Based on the above characters, especially the modified wing venation, the shape and sculpture of the head, the cylindrical and unmodified antennae of the male, and the small body size compared to Rhipidochrysis and also Boffachrysis , we consider Exsecochrysis Linsenmaier, 1985 to be a valid genus so far restricted to the species included by Linsenmaier (1985, 1997): E. alfkeni ( Ducke, 1902) ; E. adnexa ( Linsenmaier, 1997) ; E. allotria ( Linsenmaier, 1985) ; and E. gracilia ( Linsenmaier, 1985) . E. gracilia was synonynized with Chrysogona alfkeni Ducke, 1902 by Kimsey & Bohart (1991) without type examination, but it was revalidated by Linsenmaier (1997) who listed the main diagnostic differences. This revalidation was overlooked by Lucena et al. (2024) but the two species are clearly distinct as Linsenmaier (1997) stated, based on the characters discussed and illustrated below (see Exsecochrysis gracilia and Fig. 10 View FIGURE 10 ).
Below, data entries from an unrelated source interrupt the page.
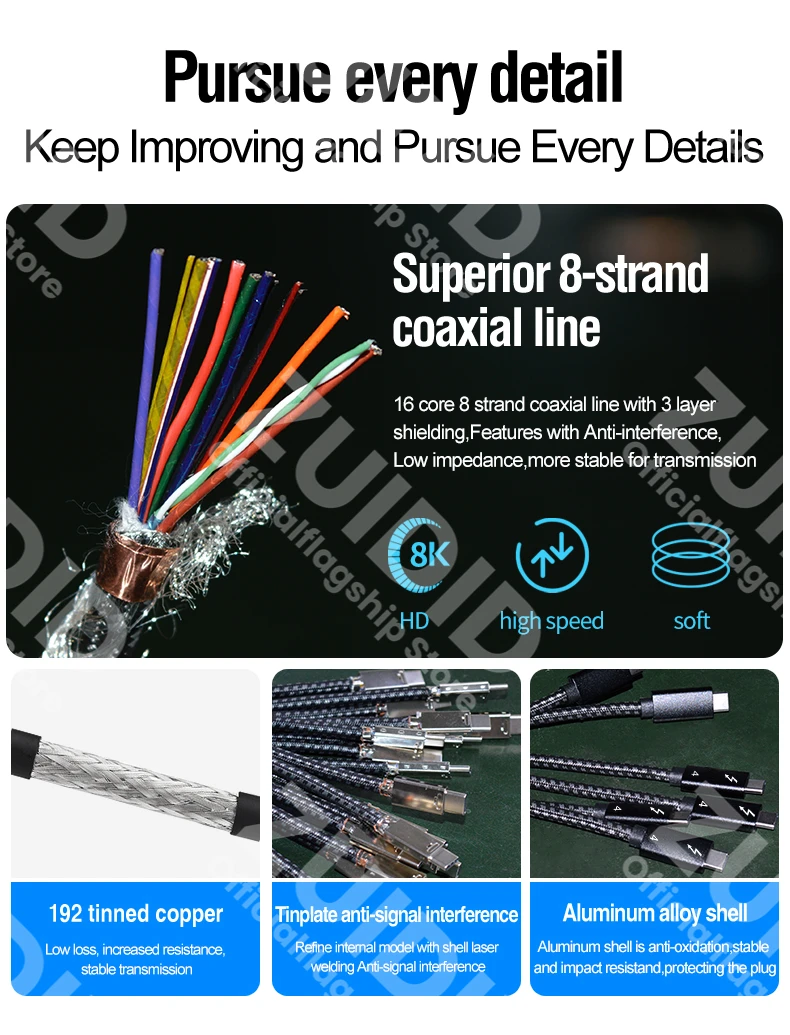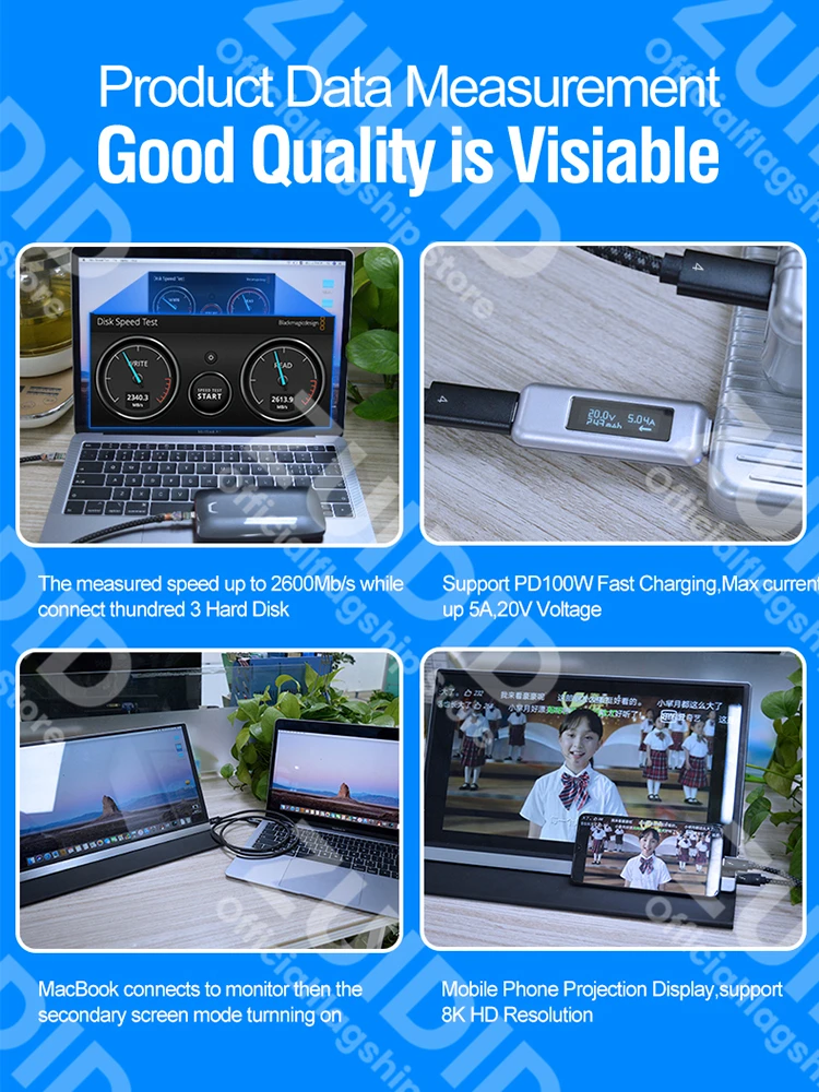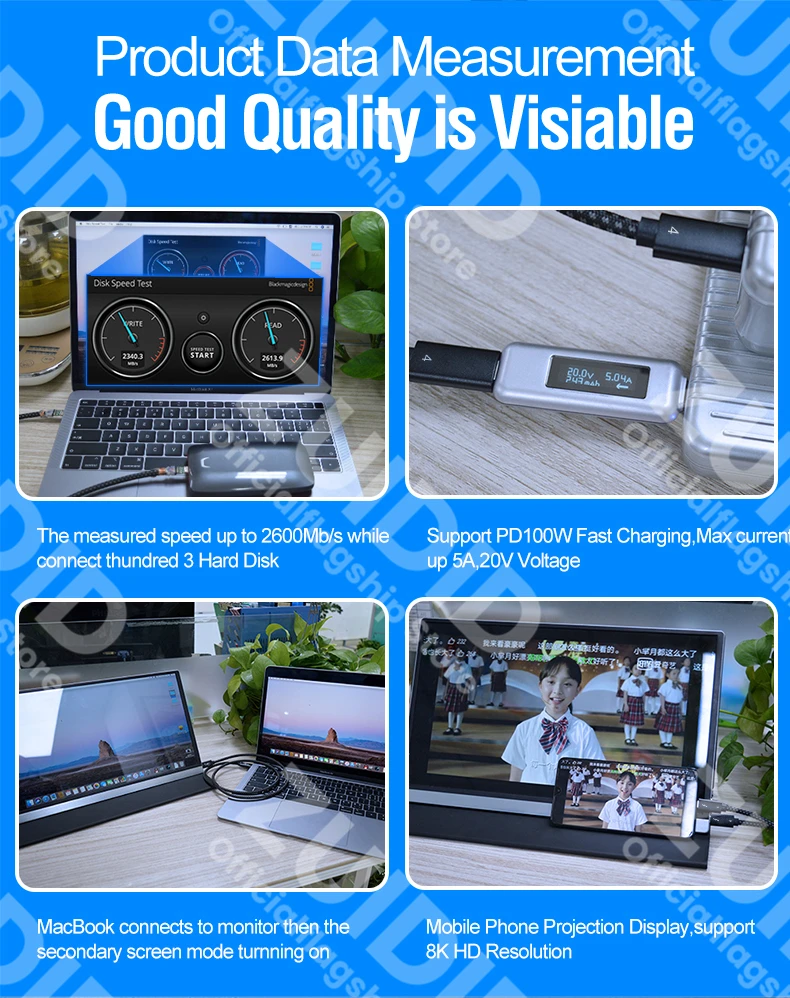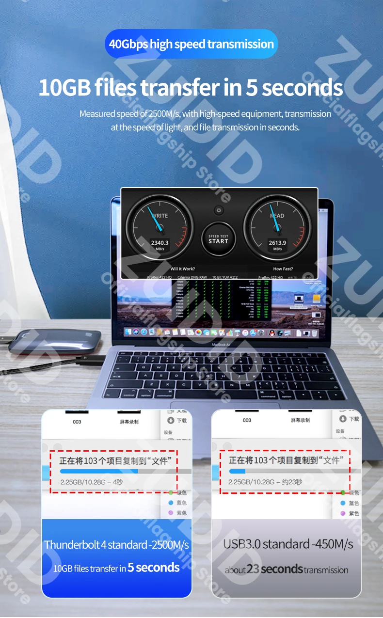 【 Velocidad de transmisión súper alta de 40Gbps 】El cable ThunderBolt 4 puede proporcionar una velocidad de transmisión de 40Gbps, lo que le permite transferir videos, películas, música e imágenes de alta definición en un segundo, lograr un intercambio de datos más rápido que los cables de 20/10/5Gbps.
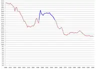 The practice of birth control was common throughout the U.S. prior to 1914, when the movement to legalize contraception began. Longstanding techniques included the rhythm method, withdrawal, diaphragms, contraceptive sponges, condoms, prolonged breastfeeding, and spermicides.[4] Use of contraceptives increased throughout the nineteenth century, contributing to a 50 percent drop in the fertility rate in the United States between 1800 and 1900, particularly in urban regions.[5] The only known survey conducted during the nineteenth century of American women's contraceptive habits was performed by Clelia Mosher from 1892 to 1912.[6] The survey was based on a small sample of upper-class women, and shows that most of the women used contraception (primarily douching, but also withdrawal, rhythm, condoms and pessaries) and that they viewed sex as a pleasurable act that could be undertaken without the goal of procreation.[7]
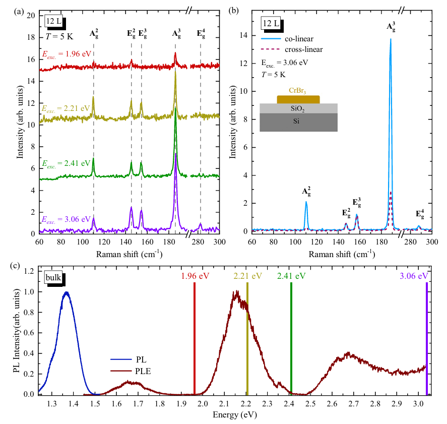 图a直接证明3.06 eV是12层CrBr3的共振激发能量:仅在此能量下,电子-声子耦合效率显著提升,激发专属共振声子模式(Eg4),且不同声子模式的强度响应差异反映激发能量对拉曼散射选择性的调控。
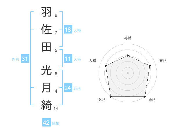 羽佐田 光月綺さんを姓名の画数から五運を鑑定
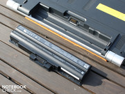 The Vaio VPC-Y21S1E's interfaces are distributed evenly on the right and left. The front has two cardreaders (SD and HG Duo) available right away. The rear is reserved for the battery unit.
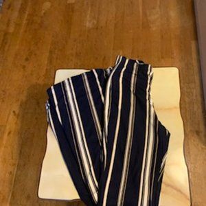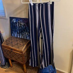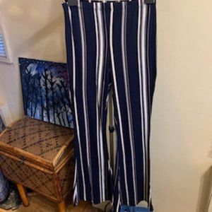 stretch-knit flared pants featuring an allover striped pattern and an elasticized waistband.
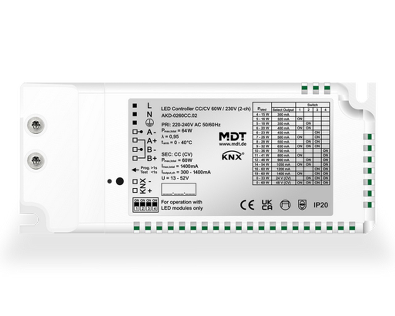 MDT AKD-0260CC.02 KNX LED Controller CC/CV 60 W / 230 V 2-Kanal
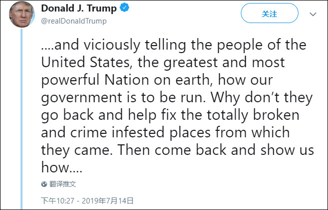 在邊境拘留營的惡劣環境被曝光,並因此遭受抨擊之後,特朗普於當地時間7月14日晚間在社交媒體上連發三條推文,對民主黨議員開火,要她們“回自己的國家去”。
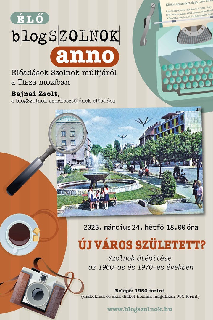Szolnok átépítése az 1960-as és 1970-es években Miután eldőlt, hogy a 4-es főút továbbra is Szolnok központján halad át, nemcsak új Tisza-hidat kapott a megyeszékhely, de elindult belváros teljes átépítése: egy új városközpont kialakítása, a Zagyván túli és a Zagyva-parti lakótelepek fejlesztése, no és persze az új vasútállomáshoz kapcsolódó beruházások sora. Akkoriban úgy gondolták, hogy Szolnoknak az ezredfordulóra 120 ezer lakója lesz. Talán ennek is köszönhető a Széchenyi lakótelep megszületése, új iskolák, óvodák, művelődési intézmények felépítése, de még a Tiszaliget gyorsütemű fejlesztése is. Az 1960-as évek elején született nagyszabású tervekből sok minden megvalósult és jó pár dolog félbe maradt, mire a nyolcvanas évek megtorpanása Szolnokon is beköszöntött. Bajnai Zsolt, a blogSzolnok szerkesztője korábbi Élő blogSzolnok ANNO előadásának – biztos, hogy nem pontos – ismétlése
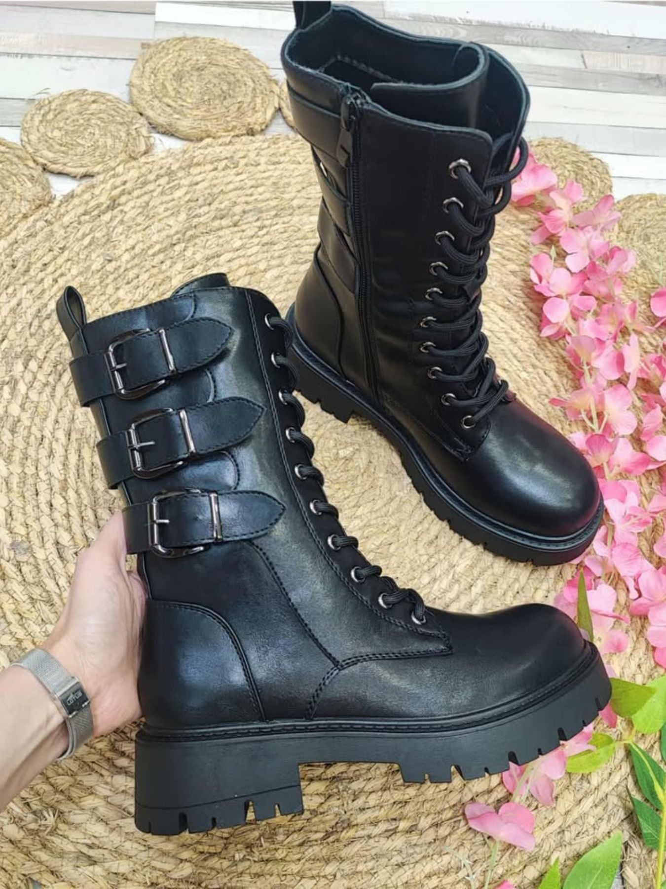Botin de polipiel combinado con hebillas.
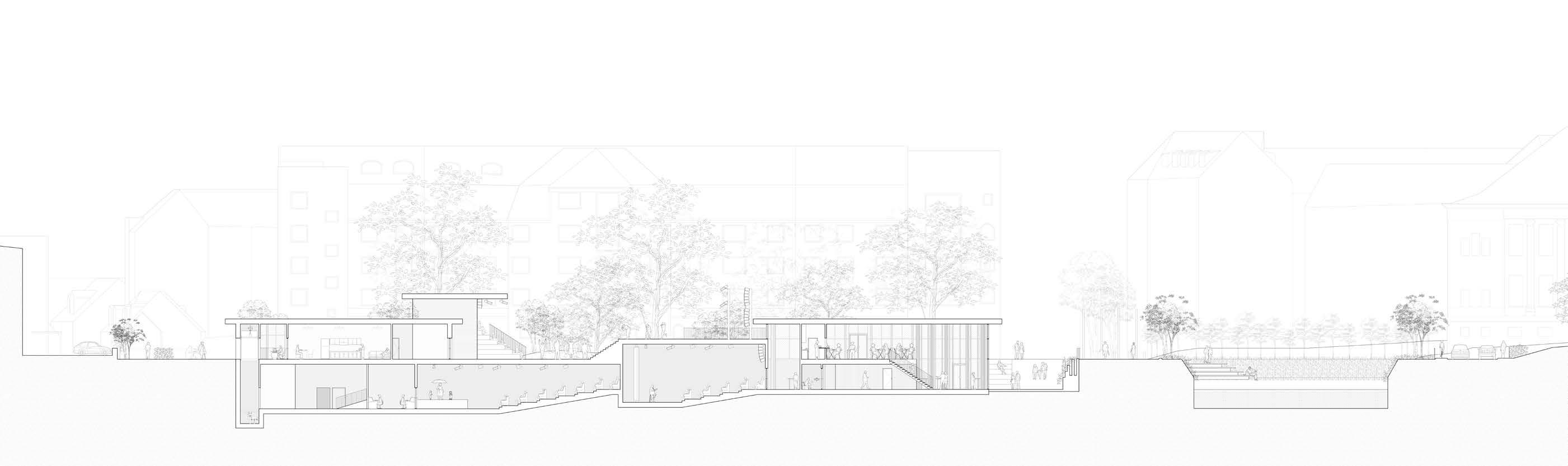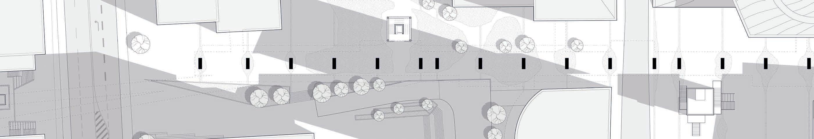 SHOWCASE A park that is clear, geometrically shaped. is often organized as a square in framework of surrounding buildings. The park is presenting certain important monuments, often an building that has historical and political value for the city. 1289, the king Denmark Valdemar Sejr initiated the construction of the first watermill in the town, by the Aarhus river. The area was expanded with several small mills and an open area around them was kept free until the 17th century, when was greatly expanded with garden. The mills were demolished in 1903. In 1926 the area became publicly owned and in 1930, in connection with the construction of the main library, the park was built. Ever since the park have been recreational area between the main library and Vester Allé. connection with an expansion of the library 19641967, number of the old trees and hedges were felled in favor of the construction of new diagonal roads. Another reorganization took place 1986-1987, where beds along the walkways were established. In 2006, new development plan for Mølleparken was presented in close connection with the extensive reopening of the river. The park was last renovated in 2014 and 2015 the library were moved to the harbour and the old building transformed into hostel. With the development plan from 2006. The idea is formulated that the park should to greater extent than before function as a recreational green area, visual break the middle of the city space. The park has then taken the form varied recreational area with grass, large trees, flowers and not at least lively water landscape, which expressed, among other things, living staircase that mediates the transition between the park and the river. The park was given new granite coverings around large geometrical shaped garden, and the sculpture Elskovskampen took new place the park in a granite basin built for the purpose. today contains large green and open recreational areas with facilities for street sports such as basketball, panna and table tennis as well as concrete tables to play chess, backgammon and checkers. as well as with ARoS as neighbor. It is beloved meeting place for young students who, from the first warming rays of the spring sun, enjoy the park’s spaces and green areas. THE PROJECT HISTORICAL DEVELOPEMENT MOLLEPARKEN Aarhus, Denmark OPENESS/ENCLOSURE GEOMETRIC CONNECTION PASSAGE URBAN CHARACTER # THE PARK JACOB SPOLUM LAIER UNIT 2A SEMESTER SPRING 2021 MØLLEPARKEN, AARHUS EDGE TREATMENT OF THE RIVER 03 / 08 SEMESTER / AARHUS / MØLLEPARKEN / URBAN KARAKTER / PARK / LANDSKAB / CASE STUDIE / TEATER THE THEATER - Flexibillity of stages The large indoor stage The small indoor stage This stage serves as the most formal one. Here is planned performances taking place with bigger audience. This stage offers more technical possibillities for different kind of performances to take place. is flexible in it’s way of working with light and shadow but could also be flexible in having adjustable walls and maybe also floors for creating different kind of interior scenes. This stage has the purpouse of being an informal teaching room where fx. students and children groups can have space to come to for practising their performances. The stage is flexible the way can be used as an empty stage or can get shaped into a different room by fx. having adjustable walls depending on the type of performance that will take place. This is the spontaneous stage everyone can access and make their voice heard. This is the most informal stage and there not many elements needed to create possibillities for performances such as fx. holding speach, dance or demonstrate. What is needed is visible space, place to sit and some light that can create focus. The outdoor stage Stepped seats Smaller indoor stages Large indoor stage Outdoor stage Important elements Central connection point with small niches and views Open courtyard to the sky and the park The high vertical room The low horizontal room We want to create flexible theater with variety of performance spaces were both planned and spontaneous performances can take place. We will do so by working with three different kinds of stages. larger and smaller indoor stage for more planned performances and an outdoor stage for spontaneous performances. We are imagining an experimental theater where young actors, creative people, children groups, students and different kind of associations can get possibillity to explore themself. The theater will therefore focus on short time or one-off theater productions as well as allowing other kinds of events to take place, fx. festivals, concerts, dance or stand up performances. In the building we want to work with contrast between the low horizontal and the high vertical experience of space. We also want to bring the park into the building and our idea is to create a large courtyard open to the sky and visible connected to the park. Inspired by The National Museum of Western Art in Tokyo, we want to keep the idea of having central connection point throughout the building with small niches that create views between the building floors. THE THEATER - Building principles THE THEATER - Urban Participation Cultural Hub in the citys cultural belt Connect the green/blue elements of the city The theater will activate the park and provide new cultural hub in the city that connects to the citys exsisting cultural belt and offers new type of performance that is not yet exsisting. The theater will help to gather people of different backgounds and allow interaction and personal exchange. will serve the communitiy to strengthen the voice of the people. The theater will also act as connection between the green/blue elements of the city and in this way connect the theater to the city in larger scale. Because of the future growth of cities we see as an important factor to preserve and connect the exsisting nature we have in the city today. CONCEPTS JACOB SPOLUM LAIER UNIT 2A 8 SEMESTER SPRING 20

We consider Rhipidochrysis restricted to R. bruchi , whereas other species of “ Pleurochrysis ” are here considered members of Boffachrysis Pagliano & Scaramozzino, 1990 , not mentioned by Kimsey & Bohart (1991) and Lucena et al. (2024). Boffachrysis is the replacement name for Brethesiella Linsenmaier, 1997 nec Porter, 1920, nec Timberlake, 1920. The type species of Boffachrysis is Chrysis ameghinoi Brèthes, 1902 by automatic designation and this genus can be separated into two groups, likely distinct genera, but it temporarily includes all the other species included by Kimsey & Bohart (1991) in “ Pleurochrysis ” and is relatively heterogeneous, characterized by lack of derived characteristics. There are species, such as B. imbecilla ( Mocsáry, 1889) , that share some diagnostic characters with Exsecochrysis , e.g. structure and sculpture of the head, but do not share the same combination of diagnostic characters, such as the reduced wing venation. We agree with Kimsey (1985), Kimsey & Bohart (1991) and Lucena et al. (2024) that “ Pleurochrysis ” requires future studies to make their generic delimitations congruent with phylogenetic relationships, but meanwhile consider Exsecochrysis and Rhipidochrysis sufficiently characterised to be treated as separate genera.